RU2073008C1 - Device for synthesizing oligo/polynucleotides - Google Patents

Abstract

FIELD: medical engineering. SUBSTANCE: device has flow-type reactor 9 in which working volume solid phase carrier is placed, the solid phase carrier being bound to nucleoside component, mixer 6 for rapid mixing reagents having chamber 7 at the inlet and porous partition 8 at the inlet of reactor 9, unit 1 for accumulating and supplying reagents, unit 2 for accumulating and supplying washing liquid, canals 3 for supplying reagents, washing liquid and discharging wasted reagents, stop valves 4 on the canals, unit 12 for heating and sustaining prescribed temperature level of reagents, control unit 11. The device additionally has micrometer unit 10, which inlet is connected to outlet of reactor 9 and its outlet is connected to canal 3 for discharging wasted reagents and hydrostatic valves 5. Inlet of each hydrostatic valve 5 is connected to canal 3 for supplying a corresponding reagent and by means of through canal 3 having stop valve 4 to unit 2 for accumulating and supplying washing liquid.
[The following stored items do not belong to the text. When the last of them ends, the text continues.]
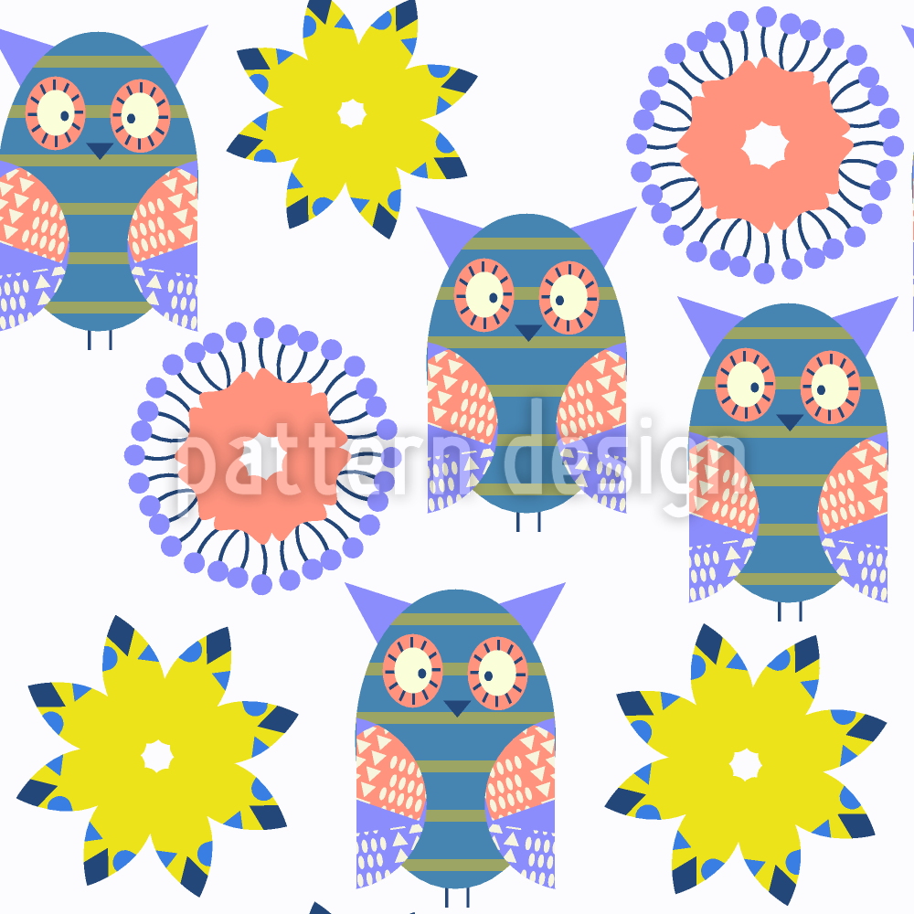Güneşli Baykuşlar Dikişsiz Vektör Desen Tasarımı
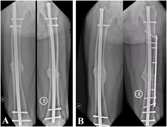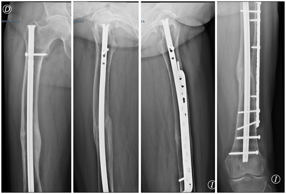 In the left femur we decided to use a plate on the nail already placed because we saw the formation of hypertrophic callus, the consolidation was achieved 3 months after this last surgery.
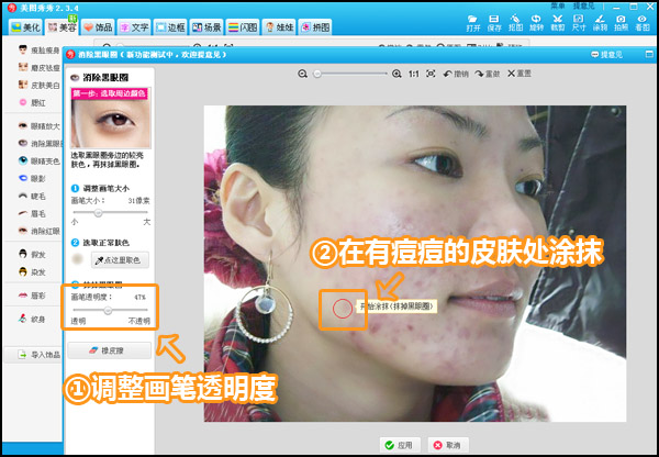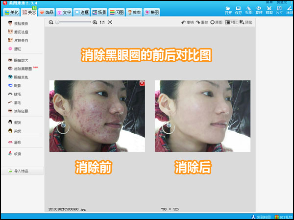 可以看出痘痘完全无影踪,肤质也变得嫩滑许多。接下来重点介绍“消除黑眼圈“这个功能的处理技巧:
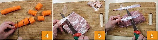 Schneiden Sie die Karotten grob 4, den Sellerie, die Zwiebel und legen Sie sie beiseite. Entfernen Sie das Fett von der Schweinelende 5 und dem Kalbsfleisch 6, alternativ können Sie den Metzger bitten, das Fleisch zu säubern und das Fett zu entfernen.
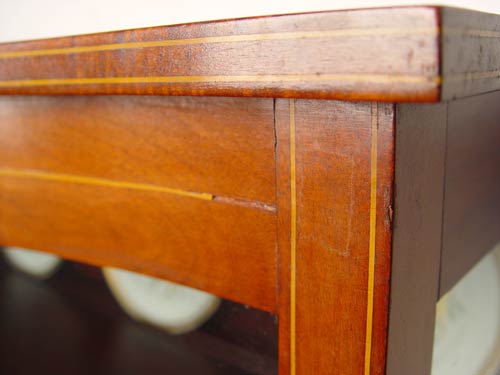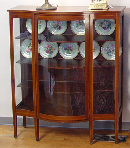 STRING INLAY MAHOGANY CHINA DISPLAY CABINET: Bowed center door, slight bows to the panels flanking the door, interior shelves with plate grooves. 59 1/4'' high x 48 1/2'' wide x 20 1/4'' deep.
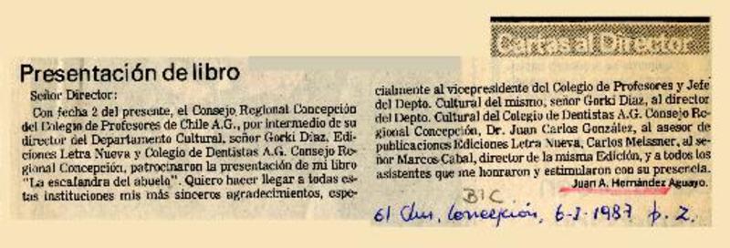 Presentación de libro [artículo] Juan A. Hernández Aguayo.
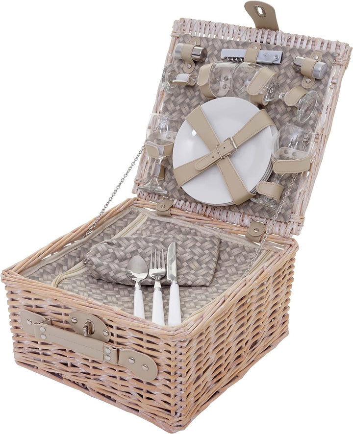 - Dimensionen (HxLxB): 20x30x30cm | Material: Korb: Weidenholz - Innenfutter: 70% Baumwolle 30% Polyester - Besteck: Edelstahl mit Kunststoffgriff - Streuer: Edelstahl mit Kunststoffkappe - Teller: Porzellan - Weingläser: Glas - | Farbe: Korb: braun

Outlet of each hydrostatic valve 5 is connected to inlet of mixer 6. EFFECT: enhanced quality of end product. 1 dwg

Description

 The invention relates to the field of bioorganic chemistry and can be used in molecular biology, genetic engineering and medicine.

 A known polynucleotide synthesizer (1) containing a flow-type reactor inside which a solid-phase carrier is placed, blocks for the placement and supply of the main and auxiliary reagents, a unit for mixing the monomer and activating agent, which is made in the form of series-connected containers, valves and channels.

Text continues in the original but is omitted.